Free transit to nowhere isn't worth having. the busses being free won't change the fact that they need to get people from people to where they need to go. I'm not steering this conversation towards BNR or the new routes or LRT. We're not going there in this conversation. but I will say that we're less likely to get new routes, extended service hours, or other service improvements if these changes are entirely financed by tax subsidy. the increased cost to ETS/the city would be a huge detractor to service improvements. it would be heavy lobbying (read:wealthier neighbourhoods with resources to lobby with) that would get any new services, and the rest of the city would be stuck with basic busses. I'm basing this off the situation in much of the US. they mostly don't have free transit there, but most cities, like Atlanta, San Francisco, L.A, heavily subsidize busses (ie %20 farebox recovery versus ~%40 here in Edmonton) with the logic that cheap transit increases ridership. unfortunately that makes buses so expensive to run, and so dysfunctional to ride, that transit modal share often winds up very low. the bus system is too expensive to run and expand, and underused as a result. The large burden on taxpayers (however justified, but we all know how paying for transit bugs people) and, to a much smaller extent, the lack of a profit motive (high-traffic routes can potentially break even or turn profits, fares create an incentive to make routes efficient and well used) means systems just plod along not doing much.

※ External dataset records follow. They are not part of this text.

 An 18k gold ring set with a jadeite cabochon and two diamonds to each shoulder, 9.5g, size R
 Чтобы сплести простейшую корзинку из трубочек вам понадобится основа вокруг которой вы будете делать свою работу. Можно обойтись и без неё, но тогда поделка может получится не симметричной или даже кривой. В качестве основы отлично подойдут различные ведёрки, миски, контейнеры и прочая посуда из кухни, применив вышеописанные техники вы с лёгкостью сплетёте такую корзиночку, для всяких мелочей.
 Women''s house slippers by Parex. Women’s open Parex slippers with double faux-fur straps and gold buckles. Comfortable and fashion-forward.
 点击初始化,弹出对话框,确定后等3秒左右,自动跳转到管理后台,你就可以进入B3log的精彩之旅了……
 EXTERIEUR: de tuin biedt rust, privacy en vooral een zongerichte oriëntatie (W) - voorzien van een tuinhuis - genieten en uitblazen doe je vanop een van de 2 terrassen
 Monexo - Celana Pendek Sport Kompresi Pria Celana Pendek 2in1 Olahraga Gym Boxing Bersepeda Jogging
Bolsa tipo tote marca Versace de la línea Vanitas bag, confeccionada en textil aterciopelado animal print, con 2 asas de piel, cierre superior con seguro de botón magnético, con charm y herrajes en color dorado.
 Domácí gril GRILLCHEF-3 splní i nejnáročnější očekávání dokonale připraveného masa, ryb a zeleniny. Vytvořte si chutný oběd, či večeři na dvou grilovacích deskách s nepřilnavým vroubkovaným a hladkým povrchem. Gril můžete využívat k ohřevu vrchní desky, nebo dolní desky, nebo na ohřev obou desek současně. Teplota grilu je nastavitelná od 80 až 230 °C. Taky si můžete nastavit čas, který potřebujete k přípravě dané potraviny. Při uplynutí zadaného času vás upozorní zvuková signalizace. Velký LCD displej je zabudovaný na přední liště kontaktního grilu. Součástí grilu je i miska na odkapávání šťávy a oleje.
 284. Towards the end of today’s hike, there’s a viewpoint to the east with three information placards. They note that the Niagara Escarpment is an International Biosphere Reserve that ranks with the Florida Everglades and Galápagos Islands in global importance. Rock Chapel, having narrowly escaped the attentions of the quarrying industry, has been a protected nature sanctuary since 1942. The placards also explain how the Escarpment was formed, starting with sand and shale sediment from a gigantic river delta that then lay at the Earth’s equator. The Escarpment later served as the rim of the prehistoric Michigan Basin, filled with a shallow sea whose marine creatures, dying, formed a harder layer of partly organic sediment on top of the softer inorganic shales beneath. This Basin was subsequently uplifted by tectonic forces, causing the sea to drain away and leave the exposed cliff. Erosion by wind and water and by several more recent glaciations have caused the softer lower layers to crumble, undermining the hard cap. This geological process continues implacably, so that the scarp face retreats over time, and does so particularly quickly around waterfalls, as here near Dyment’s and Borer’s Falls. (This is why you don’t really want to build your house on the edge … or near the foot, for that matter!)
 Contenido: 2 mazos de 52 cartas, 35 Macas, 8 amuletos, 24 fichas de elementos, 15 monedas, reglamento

I fear that if Edmonton were to make transit free at this point in time, where ridership is still relatively low, LRT isn't sufficiently built out, and the BNR hasn't proven itself yet, ETS would slide into the pattern of cutting routes and not trying to invest in new services as a way of controlling taxpayer costs. In the future hopefully, but transit isn't integral enough to the city yet to avoid turning into a white elephant IMO.
I think we should be focusing on keeping fares at $3.50 as long as possible and improving service. we need the whole city to see that transit is important and viable for their commute/travel needs, and our system isn't close to that point yet. fares will get us to that point.